Why Trumpism is here to stay
Ask a suburban woman who voted for Joe Biden why she did not support Donald Trump, and you will likely get an answer about how the president is not a role model to her children or how “words matter” and his rhetoric is detrimental to our national discourse. What you will likely not get is an answer about the economic ideas or international affairs.
If Biden is inaugurated two months from now, it will not be because the agenda of the incumbent is unpopular. Most Americans have benefited from the policies of Trump. Only weeks before the election, over half of voters declared they were better off than they were four years ago. That figure is higher than in 1984, 1992, 2004, and 2012 when the incumbent president ran for a second term. It is not hard to see why.
Under Trump, the average household saved $1,600 each year thanks to tax cuts. Black and Hispanic Americans saw record low unemployment. There is a chance for peace in the Middle East thanks to an unorthodox deal brokered by the administration. Broad criminal justice reform gave thousands of the incarcerated a new lease on life. Manufacturing came roaring back in the United States. A coronavirus vaccine is now getting developed swiftly due in part to Operation Warp Speed.

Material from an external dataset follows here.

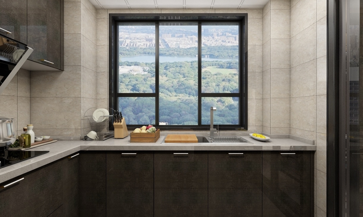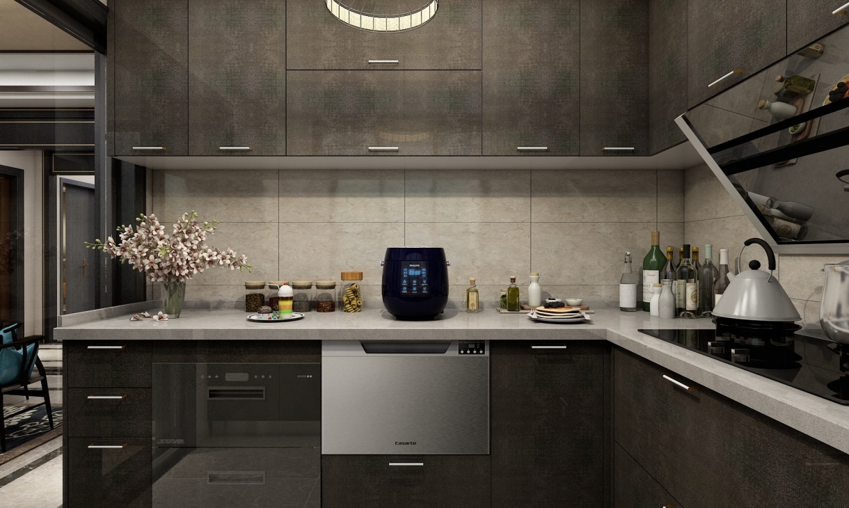 廚房設計十分用心,常用電器也完美的收納在柜體內部,簡潔、美觀、實用,整體色彩及軟裝搭配素雅,去繁就簡,既帶著中式風格的莊重,也不缺乏現代居住溫馨的要求。

Though most have benefited from his policies, white voters with college degrees, and many others, were weary of his bombastic personality and endless tweetstorms. After four years of the media sending viewers into frenzies over his rhetoric and some real mistakes by the president, many moderate and even right of center voters had their fill. Thus, Biden won the 72 percent of voters who said they “wanted a uniter.”
But Republicans still made strong gains in the election that will hinder the ability for Biden, Kamala Harris, and Nancy Pelosi to steer the federal ship. The final tallies are not out, but the House and Senate results indicate that hundreds of thousands of Americans voted against Trump but also for the Republicans who backed his policies on down ballot races. This indicates that many voters back his agenda but not Trump himself.
Voters may have rejected Trump in the election but they also repudiated the liberal agenda. This could bolster Republicans and the faction inside the party that supports the president in the future. His weaknesses may leave the stage, but the coalition he has built stands ready to thrive. His famous “Make America Great Again” platform proved to be remarkably popular well outside the traditional white working class.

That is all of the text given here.